Kerik, however, is adamant that he didn’t view accepting the Homeland Security nomination as taking a risk. “The process is ever-present in your mind; it’s always there,” he says, relaxing in a high-back, soft-green, tufted-velvet chair in a sitting area that’s off to one side of his office. “You worry about everything. But you know what you know and you think what you think. I have to live in the real world, and everything that’s come out is stuff I either told the White House about or they already knew.”

Suddenly, his wife, Hala, 36, comes in to tell him something. A native of Syria, she came here when she was 14; they met in the dentist’s office where she worked. “Okay,” she says after a quick hello, “I’ll get out of your hair.” Then, from the hallway, she adds, “Not that you actually have any.”

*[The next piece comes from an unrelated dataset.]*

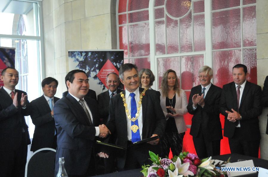 Wang Guangzheng (Front, L), vice mayor of China's Qingdao, shakes hands with Dave Cull (Front, R), mayor of New Zealand's Dunedin, as they exchange the copies of Friendship City Agreement in Dunedin, March 11, 2015. Dunedin, the South Island's second largest city and also one of New Zealand's major technology and education powerhouses, is consolidating its city links with China's eastern seaboard. (Xinhua/Su Liang)
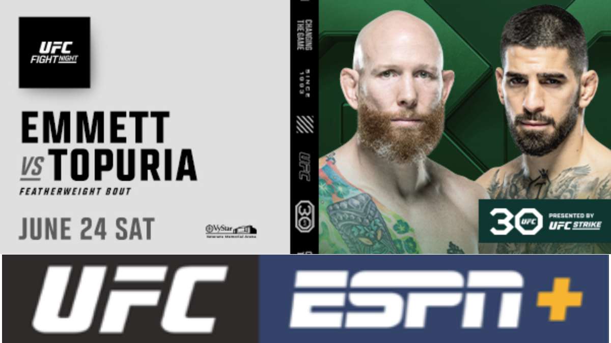 UFC Fight Night: Emmett vs. Topuria (also known as UFC Jacksonville 2023) is set to take place on Saturday, June 24 in Jacksonville, with the entire card available on ESPN+ and ESPN Deportes. The main card will also air on ABC and the Prelims on ESPN.

Kerik’s office, which has a flat-screen plasma TV, and a desk that looks heavy enough to crush a Cadillac, is filled with the mementos of a celebrated public life. There are pictures with Bush in various settings; lots of photos with Giuliani before, during, and after 9/11; shots of him in Iraq; and a brass plaque that reads THE BERNARD B. KERIK COMPLEX, the jail better known as the Tombs.

“Look,” he says, “I’m not the norm. I’m not the kind of person usually considered for a Cabinet post. Most of the nominees have gone to a good college and a top law school. When they get out, they work for a senator, they work in the U.S. Attorney’s office, they work at a top firm on Wall Street. They do A, B, C, and D. Well, that’s not what I was doing,” he says as a smile crosses his face. “I was booming doors, chasing the Cali cartel, getting into gunfights, and doing all kinds of crazy stuff.”